About this exercise →
Take the data below and copy exactly the lines starting at the one with "Carmen eligió el" and finishing at the one with "10. 如图所示,闭合开关S", both included.

Exercise input →
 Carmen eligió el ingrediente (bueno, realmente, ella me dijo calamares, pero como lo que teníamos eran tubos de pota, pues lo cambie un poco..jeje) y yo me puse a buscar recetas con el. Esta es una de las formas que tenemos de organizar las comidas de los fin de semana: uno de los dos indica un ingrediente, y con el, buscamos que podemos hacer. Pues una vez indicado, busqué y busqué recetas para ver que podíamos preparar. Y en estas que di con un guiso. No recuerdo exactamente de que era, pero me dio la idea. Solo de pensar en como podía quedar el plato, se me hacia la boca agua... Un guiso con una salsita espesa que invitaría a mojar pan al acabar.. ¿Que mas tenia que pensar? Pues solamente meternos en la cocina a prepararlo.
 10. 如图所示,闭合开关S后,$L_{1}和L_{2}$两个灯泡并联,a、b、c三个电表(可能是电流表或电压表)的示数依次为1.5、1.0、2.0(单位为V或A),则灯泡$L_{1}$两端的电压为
...
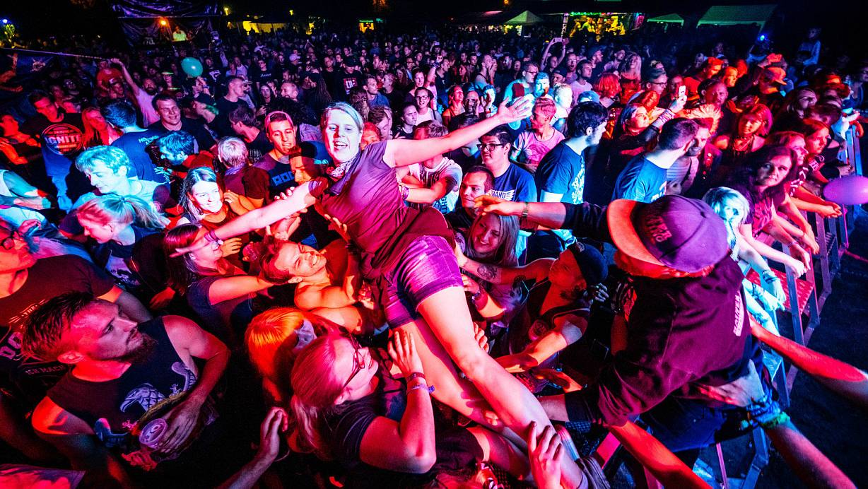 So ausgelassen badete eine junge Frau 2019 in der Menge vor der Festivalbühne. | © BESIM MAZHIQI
--
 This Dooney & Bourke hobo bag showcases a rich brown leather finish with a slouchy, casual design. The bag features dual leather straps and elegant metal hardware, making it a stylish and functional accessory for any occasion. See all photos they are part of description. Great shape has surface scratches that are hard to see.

Response to the task →
 Carmen eligió el ingrediente (bueno, realmente, ella me dijo calamares, pero como lo que teníamos eran tubos de pota, pues lo cambie un poco..jeje) y yo me puse a buscar recetas con el. Esta es una de las formas que tenemos de organizar las comidas de los fin de semana: uno de los dos indica un ingrediente, y con el, buscamos que podemos hacer. Pues una vez indicado, busqué y busqué recetas para ver que podíamos preparar. Y en estas que di con un guiso. No recuerdo exactamente de que era, pero me dio la idea. Solo de pensar en como podía quedar el plato, se me hacia la boca agua... Un guiso con una salsita espesa que invitaría a mojar pan al acabar.. ¿Que mas tenia que pensar? Pues solamente meternos en la cocina a prepararlo.
 10. 如图所示,闭合开关S后,$L_{1}和L_{2}$两个灯泡并联,a、b、c三个电表(可能是电流表或电压表)的示数依次为1.5、1.0、2.0(单位为V或A),则灯泡$L_{1}$两端的电压为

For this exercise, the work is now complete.